Buildings insurance covers the cost of repairing the structure if it is ever damaged or destroyed in a fire, flood, or any other disaster. This insurance is based on your home’s value and how much it would cost to rebuild entirely, including demolition costs, site clearance, and architects’ fees. Additional costs such as replacing sheds, garages, pipes, and cables will also be included.
When considering buildings insurance, it’s vital that you take out the appropriate level of cover, as underestimating the cost to rebuild your home could lead to severe consequences should the worst happen. This calculator provided by the Building Cost Information Service will help you accurately calculate the level of cover you need.
Contents insurance provides cover for all your possessions, from your living room TV to your garden shed tools. While manually itemising your belongings to value your contents can be labour-intensive, several online calculators can help you do this.
If you suffer a loss, your contents insurance will cover the cost of a replacement. Insurers either use a new-for-old system or an indemnity policy. The former pays the going rate for a brand-new replacement, while the latter takes wear and tear into account, so you’ll ultimately receive less.

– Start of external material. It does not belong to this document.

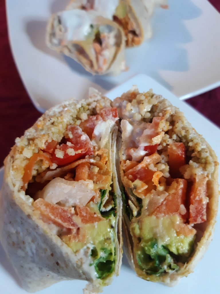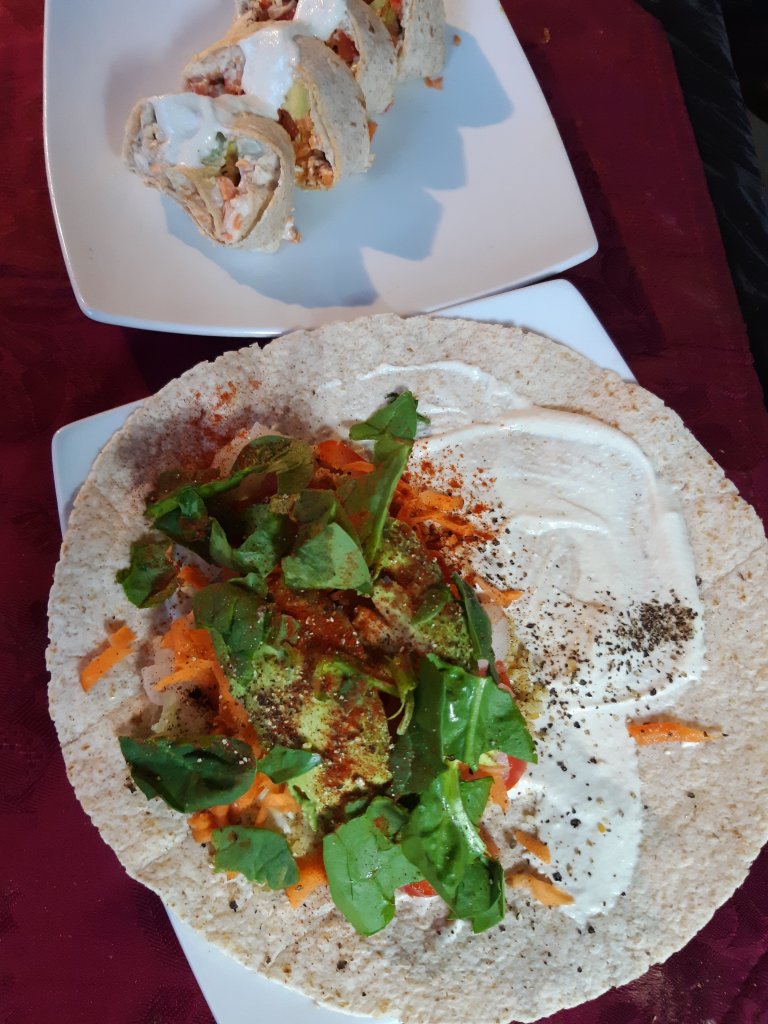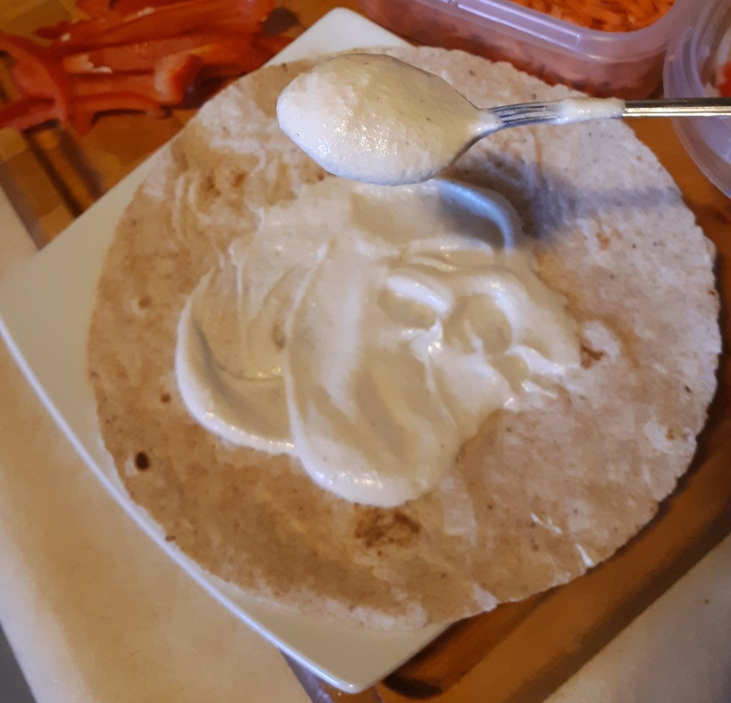 I made this creamy sauce by soaking the cashew overnight. In the morning I drained the liquid, adding cashew milk, half a block of silken tofu and blending. I used it in this veggie wrap but I also use this creamy sauce as a salad dressing, and as a substitute for mayonnaise when I eat a veggie burger. If you haven’t tried making sauces with cashews, get some raw cashews and drop me a line to let me know how you liked them.

What happens if you don’t have contents insurance?
While contents insurance ultimately means paying another bill, the crucial question is – could you afford to replace all your possessions if the worst were to happen? When deciding whether or not contents insurance is right for you, consider the possible worst-case scenarios:
- Your house is burgled while you’re on holiday
- Your possessions are destroyed in a domestic fire
- You live in an area where there’s a high risk of flooding.
While these are extreme examples, such scenarios occur more frequently than you might think. According to the Association of British Insurers (2018), the average home contains contents worth at least £35,000, so it’s well worth getting a quote to safeguard your items and provide peace of mind.